▸ Exercise requirements: Return only the lines of the data below from the line with "現在、一期JAMのSNSフォ" up to and including the line with "Дээрх мэдээлэл нийтлэгдсэний", exactly as written, with the pictures omitted.

▸ Materials provided:
━━━━━━━━━━

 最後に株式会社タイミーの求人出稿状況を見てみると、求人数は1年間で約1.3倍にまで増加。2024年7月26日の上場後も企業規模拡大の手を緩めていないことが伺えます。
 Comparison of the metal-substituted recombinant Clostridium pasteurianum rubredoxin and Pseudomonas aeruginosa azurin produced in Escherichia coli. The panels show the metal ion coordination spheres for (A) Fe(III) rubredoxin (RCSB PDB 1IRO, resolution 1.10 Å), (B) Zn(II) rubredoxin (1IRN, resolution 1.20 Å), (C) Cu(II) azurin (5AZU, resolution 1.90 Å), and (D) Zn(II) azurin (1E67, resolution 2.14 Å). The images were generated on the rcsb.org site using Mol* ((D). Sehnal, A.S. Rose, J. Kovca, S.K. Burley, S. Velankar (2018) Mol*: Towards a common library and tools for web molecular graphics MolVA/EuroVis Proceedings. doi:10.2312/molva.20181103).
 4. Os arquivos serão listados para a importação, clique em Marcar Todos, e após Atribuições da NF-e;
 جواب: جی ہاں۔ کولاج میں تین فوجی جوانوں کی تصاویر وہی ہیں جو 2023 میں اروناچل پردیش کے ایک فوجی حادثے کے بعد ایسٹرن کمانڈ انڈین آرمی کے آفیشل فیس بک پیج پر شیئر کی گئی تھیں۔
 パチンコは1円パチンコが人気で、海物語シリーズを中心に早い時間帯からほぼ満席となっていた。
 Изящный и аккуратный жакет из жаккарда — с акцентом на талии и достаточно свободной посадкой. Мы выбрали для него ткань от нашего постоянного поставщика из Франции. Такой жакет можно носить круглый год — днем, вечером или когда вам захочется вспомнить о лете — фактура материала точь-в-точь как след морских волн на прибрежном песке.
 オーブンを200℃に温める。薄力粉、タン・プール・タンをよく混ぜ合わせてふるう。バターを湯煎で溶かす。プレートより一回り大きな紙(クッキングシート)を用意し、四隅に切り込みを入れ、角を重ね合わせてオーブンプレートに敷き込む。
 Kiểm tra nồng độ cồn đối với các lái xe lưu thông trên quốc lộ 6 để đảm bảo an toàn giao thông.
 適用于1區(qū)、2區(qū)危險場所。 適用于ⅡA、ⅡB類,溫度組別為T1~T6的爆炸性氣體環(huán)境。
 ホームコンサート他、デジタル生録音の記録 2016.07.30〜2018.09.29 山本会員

━━━━━━━━━━

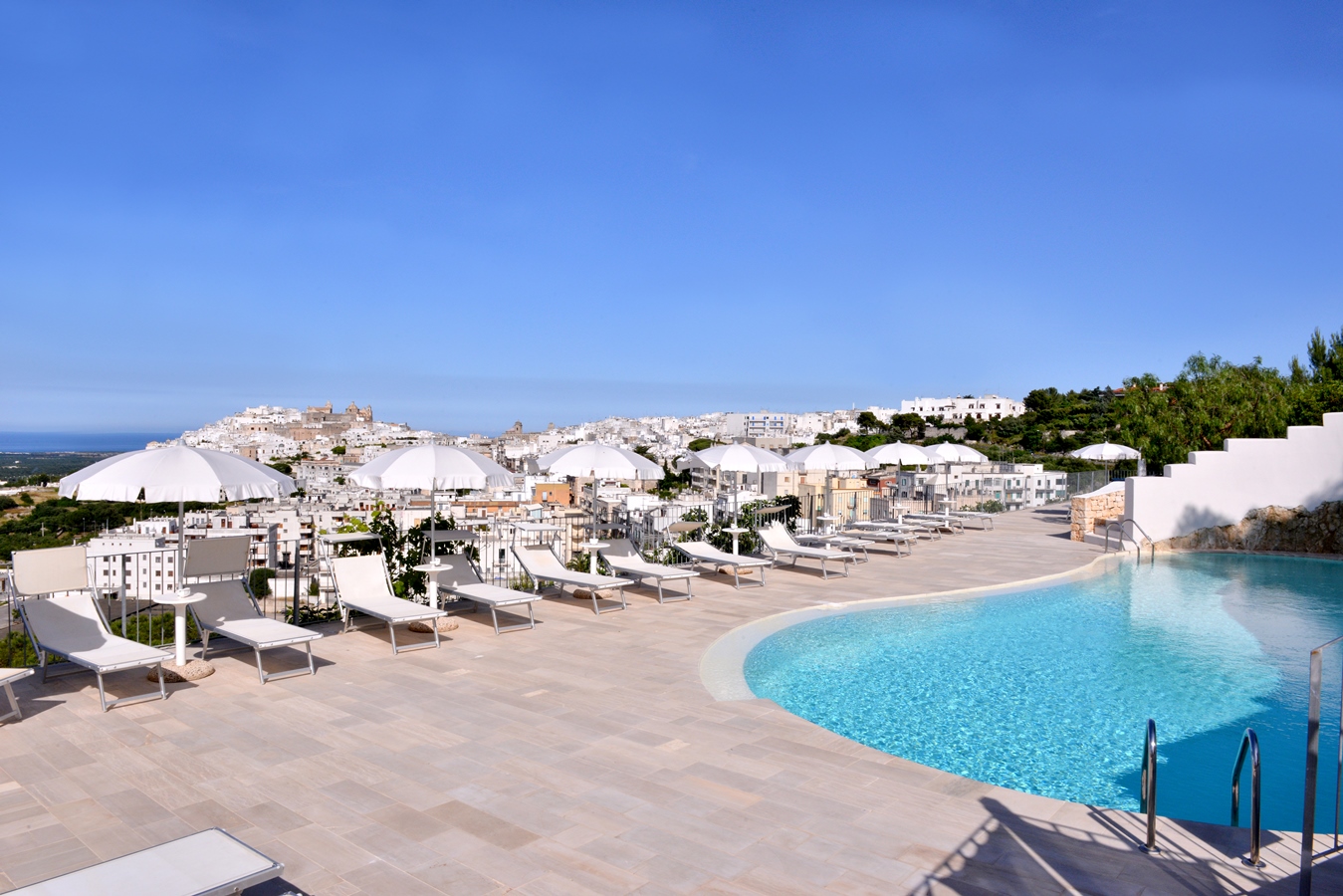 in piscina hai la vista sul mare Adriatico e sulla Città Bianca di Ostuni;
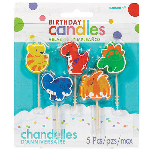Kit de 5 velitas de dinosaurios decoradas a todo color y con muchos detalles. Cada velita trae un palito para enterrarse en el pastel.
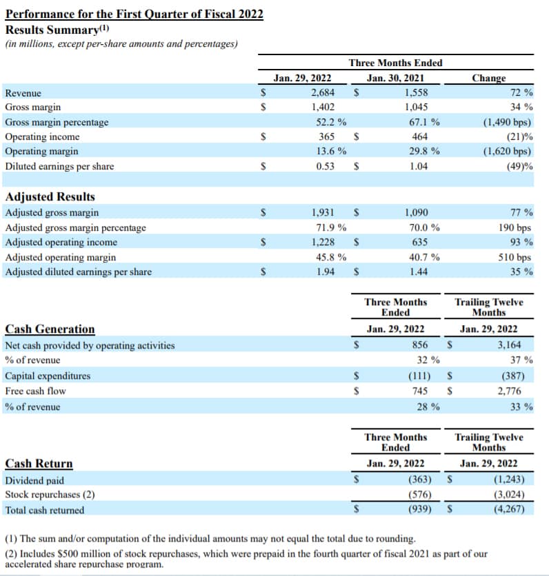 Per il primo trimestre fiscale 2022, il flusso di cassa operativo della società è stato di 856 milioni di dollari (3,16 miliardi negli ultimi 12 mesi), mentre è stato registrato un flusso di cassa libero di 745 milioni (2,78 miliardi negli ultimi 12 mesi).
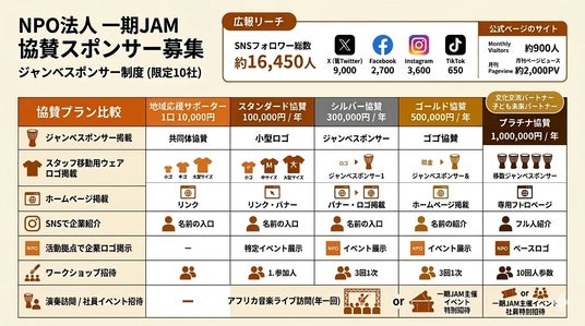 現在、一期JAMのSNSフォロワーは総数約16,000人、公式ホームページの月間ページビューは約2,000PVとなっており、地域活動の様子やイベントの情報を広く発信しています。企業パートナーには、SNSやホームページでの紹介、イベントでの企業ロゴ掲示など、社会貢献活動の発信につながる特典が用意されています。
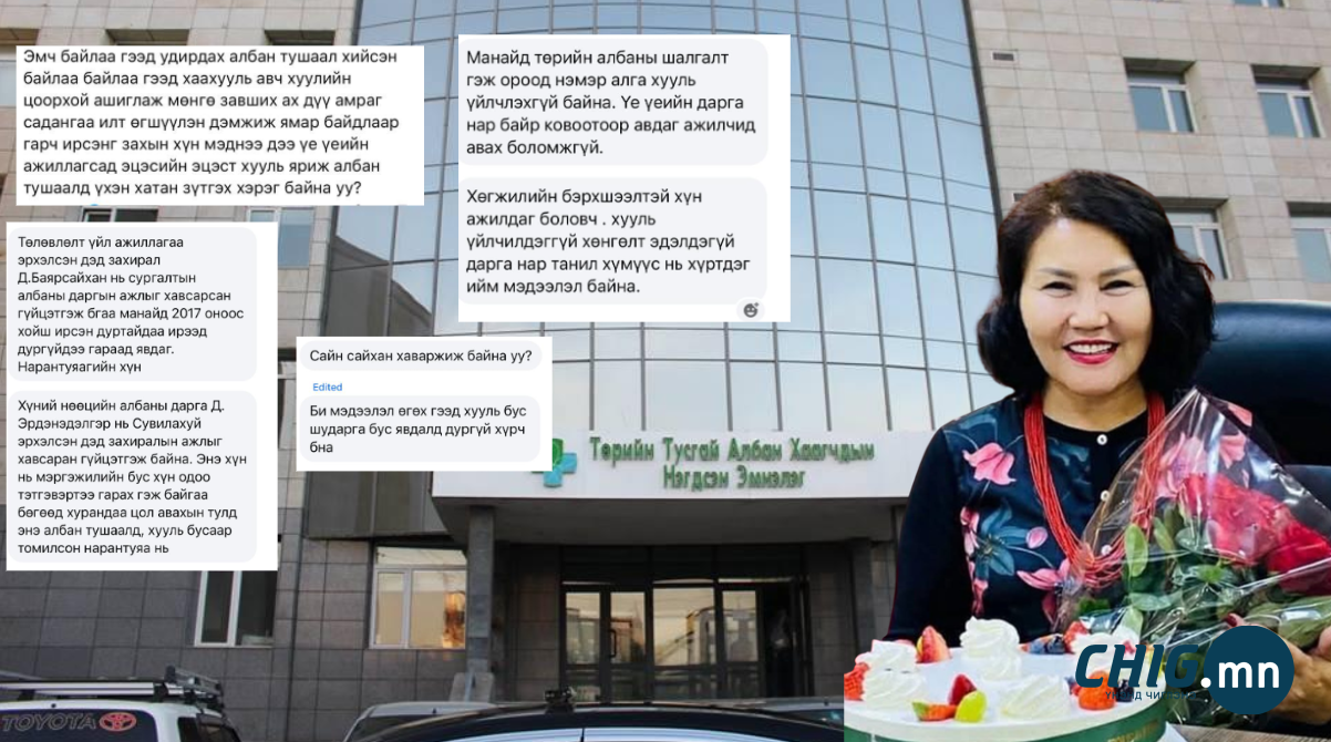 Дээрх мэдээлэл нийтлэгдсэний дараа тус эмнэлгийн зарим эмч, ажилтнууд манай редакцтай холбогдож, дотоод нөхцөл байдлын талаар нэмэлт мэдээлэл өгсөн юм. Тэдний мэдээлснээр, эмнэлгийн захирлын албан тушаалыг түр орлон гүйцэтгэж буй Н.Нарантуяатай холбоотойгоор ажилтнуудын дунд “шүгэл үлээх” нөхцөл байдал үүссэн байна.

━━━━━━━━━━

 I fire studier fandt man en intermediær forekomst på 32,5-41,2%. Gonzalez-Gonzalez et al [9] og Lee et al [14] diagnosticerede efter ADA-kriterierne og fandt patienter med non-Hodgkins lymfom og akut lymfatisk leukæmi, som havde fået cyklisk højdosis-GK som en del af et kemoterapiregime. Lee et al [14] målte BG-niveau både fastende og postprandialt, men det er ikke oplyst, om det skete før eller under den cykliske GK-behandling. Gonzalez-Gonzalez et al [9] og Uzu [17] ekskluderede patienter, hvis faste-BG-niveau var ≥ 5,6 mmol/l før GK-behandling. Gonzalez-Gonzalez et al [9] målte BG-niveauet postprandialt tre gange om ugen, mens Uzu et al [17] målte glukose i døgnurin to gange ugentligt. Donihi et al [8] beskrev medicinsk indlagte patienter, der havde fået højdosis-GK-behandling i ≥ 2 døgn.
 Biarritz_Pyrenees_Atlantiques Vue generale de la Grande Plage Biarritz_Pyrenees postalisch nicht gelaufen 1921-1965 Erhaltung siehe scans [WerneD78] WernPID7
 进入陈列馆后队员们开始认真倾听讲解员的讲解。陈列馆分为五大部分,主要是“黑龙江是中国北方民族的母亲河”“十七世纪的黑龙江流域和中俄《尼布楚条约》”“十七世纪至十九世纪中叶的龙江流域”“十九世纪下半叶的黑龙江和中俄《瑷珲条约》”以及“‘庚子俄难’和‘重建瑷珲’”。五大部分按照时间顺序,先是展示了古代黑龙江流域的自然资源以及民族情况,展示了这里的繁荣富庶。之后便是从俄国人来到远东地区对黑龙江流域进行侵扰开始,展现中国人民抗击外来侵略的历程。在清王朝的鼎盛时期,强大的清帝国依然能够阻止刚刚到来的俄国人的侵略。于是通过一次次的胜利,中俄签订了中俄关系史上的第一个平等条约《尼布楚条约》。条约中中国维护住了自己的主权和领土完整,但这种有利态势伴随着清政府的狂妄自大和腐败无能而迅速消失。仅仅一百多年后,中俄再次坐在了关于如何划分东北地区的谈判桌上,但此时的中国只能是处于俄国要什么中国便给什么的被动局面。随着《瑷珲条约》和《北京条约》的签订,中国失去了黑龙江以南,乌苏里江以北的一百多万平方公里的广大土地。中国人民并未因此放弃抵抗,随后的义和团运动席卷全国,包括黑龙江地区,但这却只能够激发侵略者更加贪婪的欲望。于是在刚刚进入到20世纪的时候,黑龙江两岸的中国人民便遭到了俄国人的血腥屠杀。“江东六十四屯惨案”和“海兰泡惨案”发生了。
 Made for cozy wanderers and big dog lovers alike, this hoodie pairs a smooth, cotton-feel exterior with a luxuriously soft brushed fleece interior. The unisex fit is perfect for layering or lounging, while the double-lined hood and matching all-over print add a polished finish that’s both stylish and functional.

━━━━━━━━━━

▸ Answer below:
 現在、一期JAMのSNSフォロワーは総数約16,000人、公式ホームページの月間ページビューは約2,000PVとなっており、地域活動の様子やイベントの情報を広く発信しています。企業パートナーには、SNSやホームページでの紹介、イベントでの企業ロゴ掲示など、社会貢献活動の発信につながる特典が用意されています。
 Дээрх мэдээлэл нийтлэгдсэний дараа тус эмнэлгийн зарим эмч, ажилтнууд манай редакцтай холбогдож, дотоод нөхцөл байдлын талаар нэмэлт мэдээлэл өгсөн юм. Тэдний мэдээлснээр, эмнэлгийн захирлын албан тушаалыг түр орлон гүйцэтгэж буй Н.Нарантуяатай холбоотойгоор ажилтнуудын дунд “шүгэл үлээх” нөхцөл байдал үүссэн байна.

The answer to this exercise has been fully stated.